BEGIN

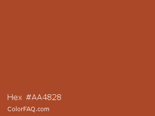 Hex #aa4828 Color is a normal color and the nearest color is Paarl #a65529. Hex code #aa4828 and RGB value is rgb(170,72,40). In RGB color space, this color is composed of 67% red, 28% green, 16% blue, In CMYK color space, this color is composed of 0% cyan, 58% magenta, 76% yellow , 33% black , In HSL color space, this color has a hue angle of 15° , 62% saturation and 41% lightness.
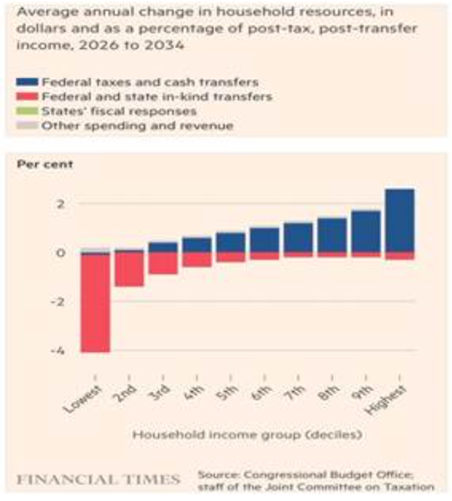 미국 다수 가계에는 앞으로 더 많은 타격이 기다리고 있다트럼프의 이른바 크고 아름다운” 재정 법안이 이제 시행에 들어갔다트럼프는 팁에 대한 무과세나 기타 소규모 조치를 떠들고 있지만핵심 내용은 기업 이윤세 감세와 메디케이드 및 식량 보조 프로그램 삭감이다미 의회예산처는 이 법안이 소득 하위 40% 미국인의 소득을 줄이지만상위 20%는 큰 이익을 얻게 될 것이라고 추산했다.
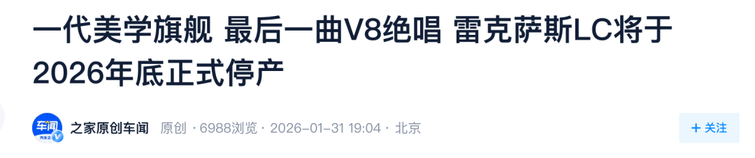 据媒体报道,雷克萨斯LC500车型将于2026年底正式停产,而500h混动版车型已于去年正式停产。据称,其替代车型将于2030年左右推出,可能与下一代丰田GRSUPRA基于相同的平台打造。
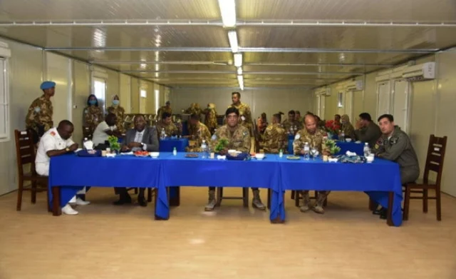 Kedatangan rombongan kunjungan kerja Brigadir Jenderal Mohammad Atif Mujtaba yang didampingi oleh Rear Admiral Ruvunangiza-Marie Commander of the 22nd Naval Group dan Head of Officer (HoO) Jacob Mogeni beserta staf, disambut hangat oleh Komandan Satgas (Dansatgas) TNI Konga XXXIX-B RDB/MONUSCO Kolonel Inf Daniel Lumbanraja dan Wadan Satgas Mayor Inf Yossy S.B. beserta perwira staf dalam suatu upacara jajar kehormatan oleh prajurit Satgas.
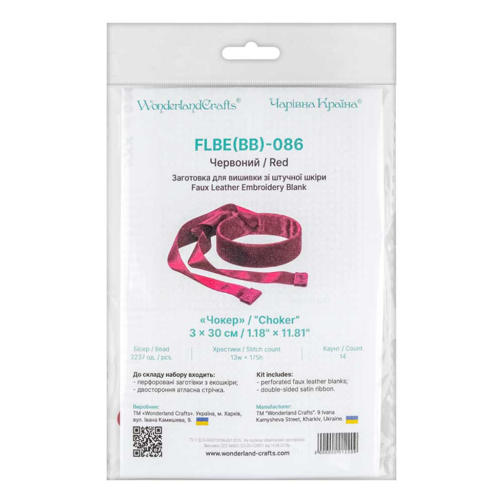 FLBE(BB)-086 Wonderland Crafts Заготовка для вишивання бісером або нитками на штучній шкірі - Чокер 3x30 см (червоний)
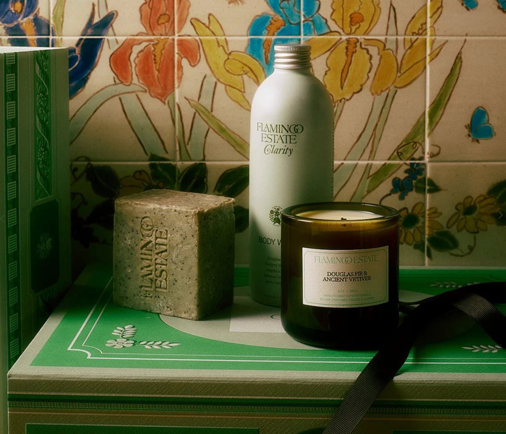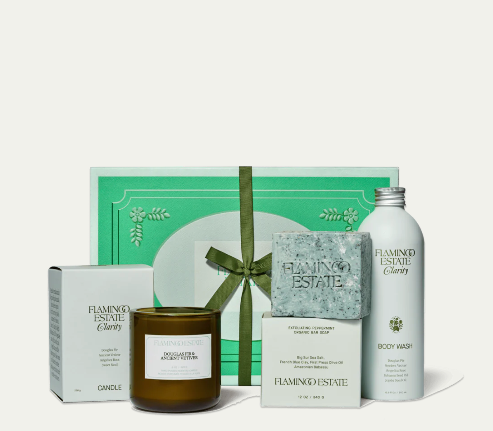 Right now — more than ever — we need to find peace. To have tools to quieten our nervous, anxious, wandering minds. This set was based on the idea of forest bathing. Products that freshen the mind and silence the outside noise. Each is made with precious ingredients from remarkable growers to feel like a deep breath and an exhale for the skin. So here they are, three tools for daily Clarity: A Candle, Body Wash, and oversized Bar Soap. This Gift Set comes in an embossed Gift Box, finished with a grosgrain Bow.
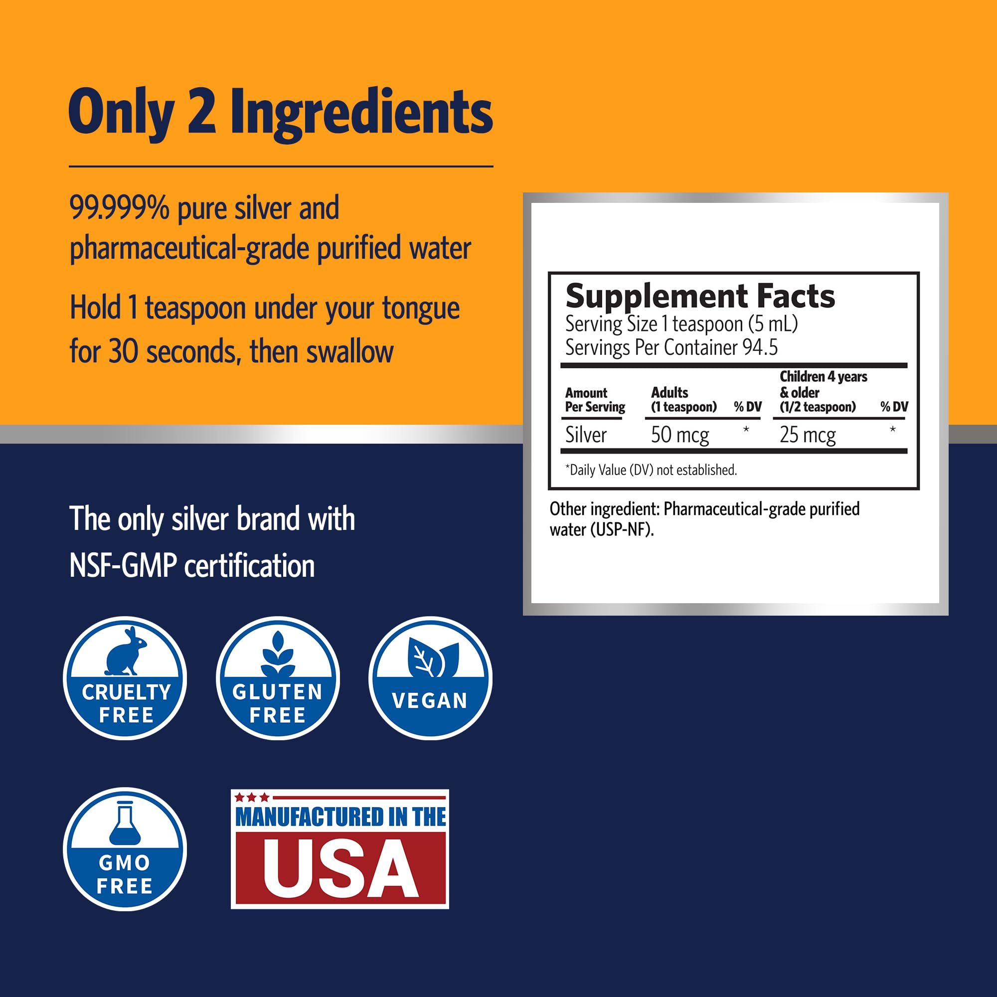 A BRAND TO TRUST - Crafted in an NSF and NASC GMP-certified facility, Sovereign Silver is the gold standard for quality, purity, and safety-- backed by science and built on trust

END

Goal of the exercise — The answer is the lines above, word for word, from the first one through the one containing "FLBE(BB)-086 Wonderland Crafts"; it includes no pictures.

Answer to this task —
 Hex #aa4828 Color is a normal color and the nearest color is Paarl #a65529. Hex code #aa4828 and RGB value is rgb(170,72,40). In RGB color space, this color is composed of 67% red, 28% green, 16% blue, In CMYK color space, this color is composed of 0% cyan, 58% magenta, 76% yellow , 33% black , In HSL color space, this color has a hue angle of 15° , 62% saturation and 41% lightness.
 미국 다수 가계에는 앞으로 더 많은 타격이 기다리고 있다트럼프의 이른바 크고 아름다운” 재정 법안이 이제 시행에 들어갔다트럼프는 팁에 대한 무과세나 기타 소규모 조치를 떠들고 있지만핵심 내용은 기업 이윤세 감세와 메디케이드 및 식량 보조 프로그램 삭감이다미 의회예산처는 이 법안이 소득 하위 40% 미국인의 소득을 줄이지만상위 20%는 큰 이익을 얻게 될 것이라고 추산했다.
 据媒体报道,雷克萨斯LC500车型将于2026年底正式停产,而500h混动版车型已于去年正式停产。据称,其替代车型将于2030年左右推出,可能与下一代丰田GRSUPRA基于相同的平台打造。
 Kedatangan rombongan kunjungan kerja Brigadir Jenderal Mohammad Atif Mujtaba yang didampingi oleh Rear Admiral Ruvunangiza-Marie Commander of the 22nd Naval Group dan Head of Officer (HoO) Jacob Mogeni beserta staf, disambut hangat oleh Komandan Satgas (Dansatgas) TNI Konga XXXIX-B RDB/MONUSCO Kolonel Inf Daniel Lumbanraja dan Wadan Satgas Mayor Inf Yossy S.B. beserta perwira staf dalam suatu upacara jajar kehormatan oleh prajurit Satgas.
 FLBE(BB)-086 Wonderland Crafts Заготовка для вишивання бісером або нитками на штучній шкірі - Чокер 3x30 см (червоний)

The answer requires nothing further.